Thursday, 1 February 2024

Mitsubishi DT-4700 Cassette Deck

 Mitsubishi DT-4700 Cassette Deck
 

Bought early January 2024 for just £25 including postage, I decided to gamble on restoring this good-looking, well made deck, rather heavy cassette deck.

Original Advert:
 


 

Today, the Mitsubishi DT-4700 has been fully restored.





Some of the work undertaken is summarized below.

DT-4700 Fascia & Controls: Washed and dried. All chassis screws frequently used had their threads 'bathed' in oil - making them easy to take out, and and return. The tape activation controls were cleaned with a mixture of metal polish and water 'worked in' with a cloth until they were shiny, then finally polishing the controls with a dry cloth.

Switches & Potentiometers: All cleaned with contact cleaners.

Pre-amplifier, Dolby Board, and Record Amplifier:
Completely re-capped, and re-transistorized.

Power Supply Unit: Re-capped, some new diodes, new regulation transistors.

When working through the above, it is always important to periodically check system voltages - PSU, and amplifier stability before moving to the next batch of components.

Mains Switch Failure:

The original mains ON/OFF latching switch eventually failed, internally a plastic pin had broken. It became obvious that repairing this was out of the question; when working with high voltages it is advisable not to take repair risks.
 
Luckily I found some 250v rated single pole, single throw (SPST) switches on ebay that could be adapted. 



Shown below is the original mains switch and transformer circuit. Note the 10nF suppressor capacitor is across the Live and Neutral. I may add an additional suppressor across Live and Neutral later!?





Failing Auto-Stop:
 
At the rear of the cassette transport is a rotating disc that effectively interrupts an infrared beam from an excited, forward-biased LED, which is then picked up by an adjacent photo-transistor. The design is to generate light interruption and hence develop a square wave which then feeds an RC timer circuit.
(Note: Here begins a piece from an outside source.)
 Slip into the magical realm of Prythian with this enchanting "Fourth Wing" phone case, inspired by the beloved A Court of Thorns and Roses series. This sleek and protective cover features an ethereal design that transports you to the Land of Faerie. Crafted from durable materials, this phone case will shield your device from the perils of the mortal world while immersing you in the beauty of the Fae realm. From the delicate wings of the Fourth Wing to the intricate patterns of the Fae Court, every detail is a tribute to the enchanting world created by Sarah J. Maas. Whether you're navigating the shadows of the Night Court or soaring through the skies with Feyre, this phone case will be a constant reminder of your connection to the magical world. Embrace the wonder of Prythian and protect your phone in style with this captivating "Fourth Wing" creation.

If the period of the wave is too long, then an auto-stop is generated by energizing a solenoid to force a Stop.
 
I had problems with the auto-stop unit, and had to run the deck with this feature disabled for a time until the problems were diagnosed.
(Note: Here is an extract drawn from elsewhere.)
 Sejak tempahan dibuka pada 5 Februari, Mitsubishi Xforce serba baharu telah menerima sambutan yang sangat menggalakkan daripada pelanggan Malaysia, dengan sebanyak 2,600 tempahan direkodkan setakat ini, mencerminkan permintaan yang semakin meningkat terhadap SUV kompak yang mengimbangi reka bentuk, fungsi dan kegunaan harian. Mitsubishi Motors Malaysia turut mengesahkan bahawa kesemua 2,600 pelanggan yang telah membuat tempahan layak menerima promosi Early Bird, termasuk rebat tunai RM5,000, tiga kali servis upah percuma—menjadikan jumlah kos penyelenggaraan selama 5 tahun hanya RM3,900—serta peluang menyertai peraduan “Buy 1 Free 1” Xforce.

After replacing transistors in the auto-stop circuit, it later became apparent that one major source of the problem was the photo-interrupter circuit; this being the light emitting LED and photo transistor combination.

Testing the unit 'offline' suggested that the LED was faulty - I could not forward bias the diode to conduct.

A not-so-perfect solution was then to re-house the unit with a new infrared LED/photo-transistor combination. The unit had to be part-drilled to enlarge the aperture so that both LED and transistor could be fitted. Unfortunately this did not produce a great fit, so gluing the two  semiconductors was the only viable solution - a 'glue gun' was used instead of a permanent 'super glue' bond.






The LED and photo-transistor had little effective depth, and so gluing was the only option, the 3mm bore also proved to be too wide.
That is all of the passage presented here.